Coming across “I transcribed hours of interviews offline using this open-source tool” in my news feeds, I can’t help but wish this approach to applied AI was more common in this era of ChatGPT.
There’s plenty of reason to run models in a cloud context, particularly if you want to have truly large or complex models. The more computationally invasive the task, the more a data center starts looking smart—ditto if handling many users. But that doesn’t mean it’s not possible to do useful things with LLMs on commodity hardware.
The catch of course, tends to be the need for a powerful computer by modern standards. PrivateLLM’s quantified models for example, range from models that probably fit on several year old iPhone (15/14 series) to a pimped out Mac Studio.

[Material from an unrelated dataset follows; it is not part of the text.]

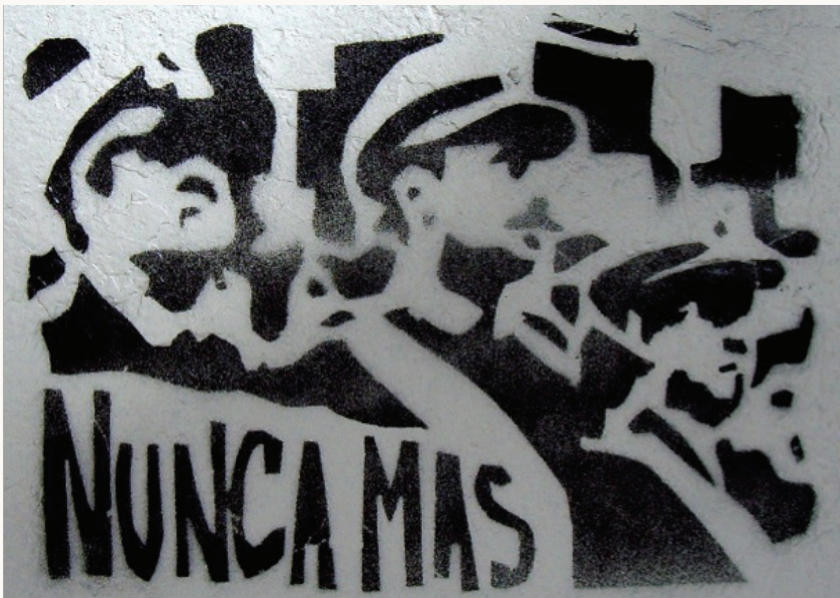
Buenos Aires graffiti of Videla and the Argentina dictatorship

These insights may be of assistance to Colombia, which is currently facing the challenge of staking out a policy of transitional justice in a context where full accountability and absolute impunity are equally unlikely. The insights from the Latin American experience with criminal justice for past wrongs could also be worth considering for countries elsewhere in the world (such as the post-spring Arab region) that are in the midst of transition from internal armed conflict to peace, or from military dictatorship to democracy, and have to make some tough political and legal choices regarding how to deal with their military. The aim must be “Never Again” human rights violations – Nunca Mas .

Considering that many Intel/AMD chipsets over the past decade max out in the 16-64 GB of RAM range, and that you basically need 16 GB in a modern laptop, I think people underestimate the possibilities for squeezing smaller models onto PCs for specialized tasks. Especially when given modern computer hardware. I mostly feel that the drive towards NPUs is marketing snake oil, but to be fair, it’s pretty unlikely that we’re going to start seeing beefier GPUs in the typical computer. As impressive as modern integrated graphics have been compared to when I was young, common designs still fall far short of even laptop dedicated graphics, never mind six pounds of RTX!
Here’s at least, hoping that those fancy ASICs see some useful value rather than being today’s equal of the Transistor Wars. If nothing else, I suppose it helps bring the base of installed RAM a little higher in-between price hikes and push faster CPUs and SoCs down people’s throats.